(AVAILABLE DATA)
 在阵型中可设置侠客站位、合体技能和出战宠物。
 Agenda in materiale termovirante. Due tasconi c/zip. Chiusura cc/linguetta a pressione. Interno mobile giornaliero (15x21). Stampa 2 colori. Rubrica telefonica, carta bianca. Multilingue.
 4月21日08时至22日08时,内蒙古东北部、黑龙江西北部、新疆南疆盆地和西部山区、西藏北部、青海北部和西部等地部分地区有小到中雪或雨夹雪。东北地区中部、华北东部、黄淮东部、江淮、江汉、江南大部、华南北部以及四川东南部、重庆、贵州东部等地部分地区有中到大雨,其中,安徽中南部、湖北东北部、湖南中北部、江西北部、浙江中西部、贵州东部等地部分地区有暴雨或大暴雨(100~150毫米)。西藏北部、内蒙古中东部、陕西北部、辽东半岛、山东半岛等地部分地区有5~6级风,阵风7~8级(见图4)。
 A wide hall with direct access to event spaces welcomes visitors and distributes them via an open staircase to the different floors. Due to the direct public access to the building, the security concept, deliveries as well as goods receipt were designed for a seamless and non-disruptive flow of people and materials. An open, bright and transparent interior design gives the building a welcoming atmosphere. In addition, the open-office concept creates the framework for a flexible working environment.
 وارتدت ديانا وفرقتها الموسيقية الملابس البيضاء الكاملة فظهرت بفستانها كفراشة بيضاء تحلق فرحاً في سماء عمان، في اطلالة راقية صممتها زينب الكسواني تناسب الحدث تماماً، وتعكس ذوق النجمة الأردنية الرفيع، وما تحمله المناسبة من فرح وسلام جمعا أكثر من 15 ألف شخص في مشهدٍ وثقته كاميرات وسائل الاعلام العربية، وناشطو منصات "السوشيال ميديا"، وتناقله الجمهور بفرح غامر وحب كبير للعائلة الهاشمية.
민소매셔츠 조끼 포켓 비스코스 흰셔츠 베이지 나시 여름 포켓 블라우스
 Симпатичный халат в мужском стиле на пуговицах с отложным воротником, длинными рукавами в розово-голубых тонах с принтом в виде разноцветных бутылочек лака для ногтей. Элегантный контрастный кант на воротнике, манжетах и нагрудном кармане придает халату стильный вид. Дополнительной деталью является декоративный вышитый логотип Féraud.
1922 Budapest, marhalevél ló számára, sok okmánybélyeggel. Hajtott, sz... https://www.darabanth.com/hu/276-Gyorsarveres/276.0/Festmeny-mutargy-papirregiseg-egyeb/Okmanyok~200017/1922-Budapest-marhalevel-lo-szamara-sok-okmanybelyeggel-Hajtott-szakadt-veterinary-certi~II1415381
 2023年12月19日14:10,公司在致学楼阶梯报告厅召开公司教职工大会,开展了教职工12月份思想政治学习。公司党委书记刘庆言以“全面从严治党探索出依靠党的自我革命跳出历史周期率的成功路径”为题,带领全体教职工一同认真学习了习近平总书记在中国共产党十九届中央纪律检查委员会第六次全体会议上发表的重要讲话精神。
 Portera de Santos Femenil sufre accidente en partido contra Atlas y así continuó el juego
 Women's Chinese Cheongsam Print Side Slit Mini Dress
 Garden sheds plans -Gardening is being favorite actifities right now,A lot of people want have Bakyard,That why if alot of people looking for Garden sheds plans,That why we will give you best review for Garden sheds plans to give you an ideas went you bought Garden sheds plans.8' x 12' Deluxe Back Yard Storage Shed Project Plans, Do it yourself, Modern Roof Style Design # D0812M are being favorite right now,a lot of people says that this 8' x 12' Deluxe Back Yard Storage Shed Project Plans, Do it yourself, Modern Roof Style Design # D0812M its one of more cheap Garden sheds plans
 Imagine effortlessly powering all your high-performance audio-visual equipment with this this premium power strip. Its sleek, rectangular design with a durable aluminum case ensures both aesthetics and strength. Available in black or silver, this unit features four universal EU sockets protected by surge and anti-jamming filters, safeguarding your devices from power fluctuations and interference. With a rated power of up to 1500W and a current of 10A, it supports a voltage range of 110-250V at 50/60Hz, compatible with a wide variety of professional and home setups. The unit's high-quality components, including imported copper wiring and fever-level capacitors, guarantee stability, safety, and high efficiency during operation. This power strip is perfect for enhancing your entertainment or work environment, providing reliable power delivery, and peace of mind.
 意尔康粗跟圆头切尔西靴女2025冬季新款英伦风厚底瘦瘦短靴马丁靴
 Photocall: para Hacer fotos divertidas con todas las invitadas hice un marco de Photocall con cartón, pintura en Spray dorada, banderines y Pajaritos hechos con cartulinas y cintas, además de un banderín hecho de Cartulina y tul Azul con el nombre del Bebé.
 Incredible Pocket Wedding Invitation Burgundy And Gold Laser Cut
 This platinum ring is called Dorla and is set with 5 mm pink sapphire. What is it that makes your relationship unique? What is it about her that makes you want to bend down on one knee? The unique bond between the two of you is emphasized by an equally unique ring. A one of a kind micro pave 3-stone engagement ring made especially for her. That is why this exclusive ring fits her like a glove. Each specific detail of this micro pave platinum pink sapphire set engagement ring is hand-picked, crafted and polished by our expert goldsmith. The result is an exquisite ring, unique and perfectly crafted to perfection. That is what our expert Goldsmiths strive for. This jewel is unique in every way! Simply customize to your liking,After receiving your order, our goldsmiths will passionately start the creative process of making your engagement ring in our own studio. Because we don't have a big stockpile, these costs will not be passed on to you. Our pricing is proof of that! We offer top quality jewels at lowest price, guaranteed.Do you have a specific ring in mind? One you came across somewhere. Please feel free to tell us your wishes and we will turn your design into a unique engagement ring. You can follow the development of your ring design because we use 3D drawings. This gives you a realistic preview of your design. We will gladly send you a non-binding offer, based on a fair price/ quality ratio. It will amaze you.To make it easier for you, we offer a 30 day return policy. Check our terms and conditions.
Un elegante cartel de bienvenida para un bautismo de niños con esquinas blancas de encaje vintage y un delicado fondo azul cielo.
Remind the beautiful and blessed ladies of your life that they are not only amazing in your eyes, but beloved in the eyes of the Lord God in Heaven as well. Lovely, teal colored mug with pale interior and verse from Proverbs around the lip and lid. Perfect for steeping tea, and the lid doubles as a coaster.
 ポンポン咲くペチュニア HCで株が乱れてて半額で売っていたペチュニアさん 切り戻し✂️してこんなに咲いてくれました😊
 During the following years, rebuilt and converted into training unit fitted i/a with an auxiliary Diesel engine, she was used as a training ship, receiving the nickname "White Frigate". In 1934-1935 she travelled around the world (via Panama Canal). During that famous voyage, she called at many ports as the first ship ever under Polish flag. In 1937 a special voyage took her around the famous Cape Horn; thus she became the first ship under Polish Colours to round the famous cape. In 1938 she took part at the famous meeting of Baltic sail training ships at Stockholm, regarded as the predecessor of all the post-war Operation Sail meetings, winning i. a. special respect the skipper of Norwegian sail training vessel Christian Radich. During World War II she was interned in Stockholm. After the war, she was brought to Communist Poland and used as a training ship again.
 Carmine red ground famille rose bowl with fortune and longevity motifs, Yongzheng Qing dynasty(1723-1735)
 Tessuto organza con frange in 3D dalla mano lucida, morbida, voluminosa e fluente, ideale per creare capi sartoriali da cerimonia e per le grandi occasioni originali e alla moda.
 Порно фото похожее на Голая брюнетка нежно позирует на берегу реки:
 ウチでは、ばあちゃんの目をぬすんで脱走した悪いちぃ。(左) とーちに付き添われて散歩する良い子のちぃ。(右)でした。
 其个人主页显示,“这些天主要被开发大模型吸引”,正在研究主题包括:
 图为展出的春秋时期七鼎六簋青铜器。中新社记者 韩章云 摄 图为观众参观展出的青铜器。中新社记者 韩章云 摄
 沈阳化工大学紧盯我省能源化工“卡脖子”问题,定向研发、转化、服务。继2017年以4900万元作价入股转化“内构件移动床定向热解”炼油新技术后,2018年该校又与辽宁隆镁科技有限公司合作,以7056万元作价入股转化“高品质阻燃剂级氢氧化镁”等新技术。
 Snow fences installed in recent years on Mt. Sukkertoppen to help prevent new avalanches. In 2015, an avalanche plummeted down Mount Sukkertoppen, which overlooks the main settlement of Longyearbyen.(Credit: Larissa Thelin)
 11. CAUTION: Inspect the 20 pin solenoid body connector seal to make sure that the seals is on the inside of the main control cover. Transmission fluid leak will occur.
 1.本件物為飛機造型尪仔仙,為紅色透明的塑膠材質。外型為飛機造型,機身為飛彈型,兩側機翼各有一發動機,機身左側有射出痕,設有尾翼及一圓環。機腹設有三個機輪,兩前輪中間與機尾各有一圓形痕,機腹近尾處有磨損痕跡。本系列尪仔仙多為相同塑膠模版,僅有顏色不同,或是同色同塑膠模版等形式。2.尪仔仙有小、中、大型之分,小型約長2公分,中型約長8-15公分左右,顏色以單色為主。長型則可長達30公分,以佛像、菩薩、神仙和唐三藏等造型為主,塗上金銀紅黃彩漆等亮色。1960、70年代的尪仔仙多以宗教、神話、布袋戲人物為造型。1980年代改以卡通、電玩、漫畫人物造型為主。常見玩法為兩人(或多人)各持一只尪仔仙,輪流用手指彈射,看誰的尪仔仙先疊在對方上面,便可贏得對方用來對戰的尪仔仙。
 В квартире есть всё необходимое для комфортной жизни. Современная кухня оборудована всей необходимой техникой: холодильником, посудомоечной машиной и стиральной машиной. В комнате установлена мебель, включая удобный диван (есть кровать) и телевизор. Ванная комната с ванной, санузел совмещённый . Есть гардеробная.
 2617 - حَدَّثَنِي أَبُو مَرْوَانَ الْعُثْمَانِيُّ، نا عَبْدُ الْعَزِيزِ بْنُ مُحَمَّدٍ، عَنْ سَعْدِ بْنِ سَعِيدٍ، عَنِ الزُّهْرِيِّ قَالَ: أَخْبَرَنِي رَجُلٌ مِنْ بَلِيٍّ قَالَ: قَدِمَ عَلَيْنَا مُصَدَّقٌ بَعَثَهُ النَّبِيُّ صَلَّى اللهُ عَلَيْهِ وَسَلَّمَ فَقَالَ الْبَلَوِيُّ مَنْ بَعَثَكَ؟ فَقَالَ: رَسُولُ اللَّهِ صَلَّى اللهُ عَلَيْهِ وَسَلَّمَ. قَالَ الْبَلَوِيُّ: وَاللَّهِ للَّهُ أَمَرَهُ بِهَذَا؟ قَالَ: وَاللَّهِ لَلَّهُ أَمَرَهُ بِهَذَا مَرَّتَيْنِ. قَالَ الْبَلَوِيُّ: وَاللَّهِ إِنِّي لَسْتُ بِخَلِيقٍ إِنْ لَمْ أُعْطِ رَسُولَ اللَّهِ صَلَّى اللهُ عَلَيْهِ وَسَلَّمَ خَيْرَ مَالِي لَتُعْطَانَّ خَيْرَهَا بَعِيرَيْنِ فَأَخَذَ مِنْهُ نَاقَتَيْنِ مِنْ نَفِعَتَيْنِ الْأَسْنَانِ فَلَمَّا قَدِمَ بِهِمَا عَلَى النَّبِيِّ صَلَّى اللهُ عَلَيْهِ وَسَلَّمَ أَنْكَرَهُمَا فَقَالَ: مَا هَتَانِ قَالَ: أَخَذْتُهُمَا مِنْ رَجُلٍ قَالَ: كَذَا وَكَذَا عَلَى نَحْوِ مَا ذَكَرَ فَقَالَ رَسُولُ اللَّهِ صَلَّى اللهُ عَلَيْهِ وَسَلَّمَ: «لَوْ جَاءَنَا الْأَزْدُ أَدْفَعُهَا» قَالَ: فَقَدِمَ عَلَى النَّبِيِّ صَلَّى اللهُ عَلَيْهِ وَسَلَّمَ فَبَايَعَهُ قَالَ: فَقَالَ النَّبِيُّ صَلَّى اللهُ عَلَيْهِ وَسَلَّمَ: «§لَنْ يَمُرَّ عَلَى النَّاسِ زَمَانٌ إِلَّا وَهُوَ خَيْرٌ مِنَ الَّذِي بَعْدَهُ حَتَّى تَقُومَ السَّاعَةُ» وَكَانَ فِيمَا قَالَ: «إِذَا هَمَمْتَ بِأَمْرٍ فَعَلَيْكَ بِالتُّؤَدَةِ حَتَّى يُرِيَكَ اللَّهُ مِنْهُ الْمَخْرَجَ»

(TASK DETAILS) Each line from the first line of the entries up to and including the line containing "Agenda in materiale" should be transcribed exactly, with all other lines left out.

(OUTPUT OF THE EXERCISE)
 在阵型中可设置侠客站位、合体技能和出战宠物。
 Agenda in materiale termovirante. Due tasconi c/zip. Chiusura cc/linguetta a pressione. Interno mobile giornaliero (15x21). Stampa 2 colori. Rubrica telefonica, carta bianca. Multilingue.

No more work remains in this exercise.